Ng Madelena Y, Helzer Jarrod, Pfeffer Michael A, Seto Tina, Hernandez-Boussard Tina
Department of Medicine, Stanford University, Stanford, CA 94305, United States.
Technology and Digital Solutions, Stanford Health Care, Stanford, CA 94305, United States.
J Am Med Inform Assoc. 2025 Mar 1;32(3):586-588. doi: 10.1093/jamia/ocaf005.
Generative AI, particularly large language models (LLMs), holds great potential for improving patient care and operational efficiency in healthcare. However, the use of LLMs is complicated by regulatory concerns around data security and patient privacy. This study aimed to develop and evaluate a secure infrastructure that allows researchers to safely leverage LLMs in healthcare while ensuring HIPAA compliance and promoting equitable AI.
We implemented a private Azure OpenAI Studio deployment with secure API-enabled endpoints for researchers. Two use cases were explored, detecting falls from electronic health records (EHR) notes and evaluating bias in mental health prediction using fairness-aware prompts.

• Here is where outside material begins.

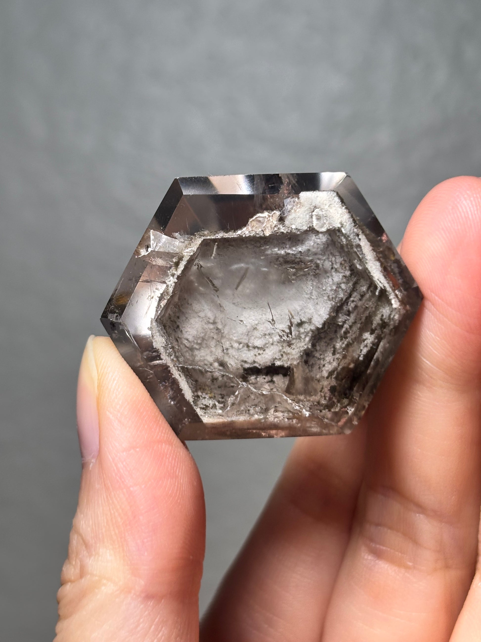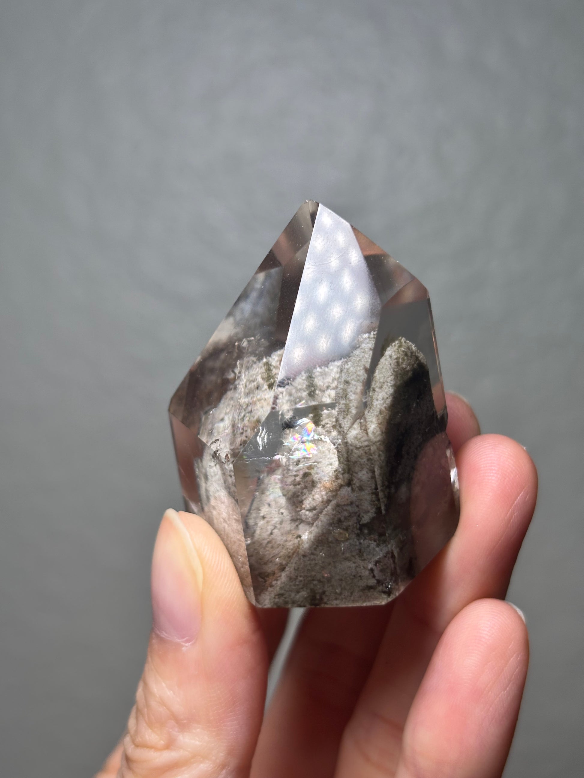 High quality chunky moody white phantom lodalite with manifestation quartz (crystal in crystal). Self standing.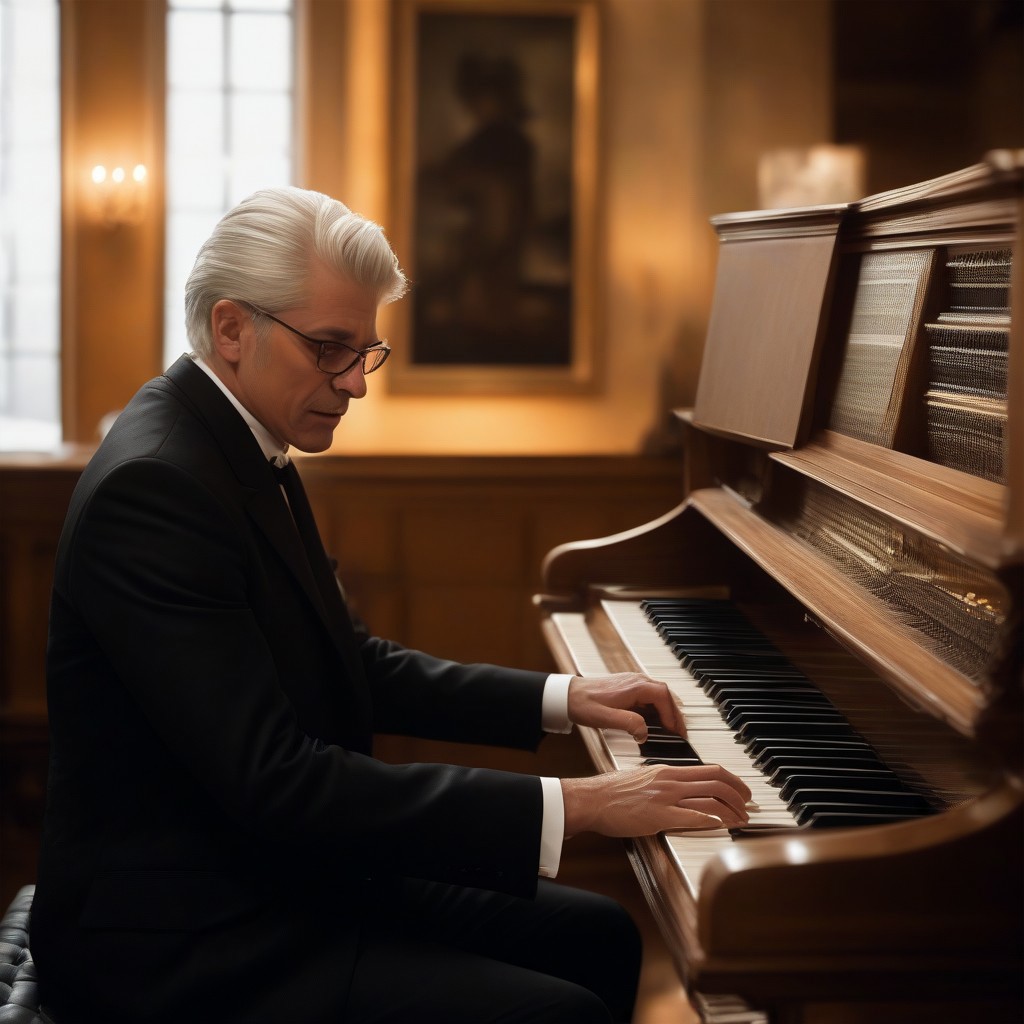 "A young man with black and white hair, elegantly playing a beautifully crafted wooden organ. He is dressed in a stylish black suit with a refined presence. His fingers move gracefully over the organ keys, deeply immersed in the music. The warm glow of ambient lighting reflects on the polished wooden surface of the instrument, enhancing the cozy yet dramatic atmosphere. The background is softly blurred, creating a focus on the musician and his expressive performance. The scene has a fantasy-inspired, cinematic feel with a blend of realism and artistic lighting."

The framework provided secure, HIPAA-compliant API access to LLMs, allowing researchers to handle sensitive data safely. Both use cases highlighted the secure infrastructure's capacity to protect sensitive patient data while supporting innovation.
This centralized platform presents a scalable, secure, and HIPAA-compliant solution for healthcare institutions aiming to integrate LLMs into clinical research.
生成式人工智能,尤其是大语言模型(LLMs),在改善医疗保健中的患者护理和运营效率方面具有巨大潜力。然而,围绕数据安全和患者隐私的监管问题使大语言模型的使用变得复杂。本研究旨在开发和评估一种安全的基础设施,使研究人员能够在医疗保健中安全地利用大语言模型,同时确保符合《健康保险流通与责任法案》(HIPAA)并促进公平的人工智能。
我们为研究人员实施了一个具有安全的启用API端点的私有Azure OpenAI Studio部署。探索了两个用例,即从电子健康记录(EHR)笔记中检测跌倒以及使用公平感知提示评估心理健康预测中的偏差。
该框架提供了对大语言模型的安全、符合HIPAA的API访问,使研究人员能够安全地处理敏感数据。两个用例都突出了安全基础设施在保护敏感患者数据的同时支持创新的能力。
这个集中式平台为旨在将大语言模型集成到临床研究中的医疗机构提供了一个可扩展、安全且符合HIPAA的解决方案。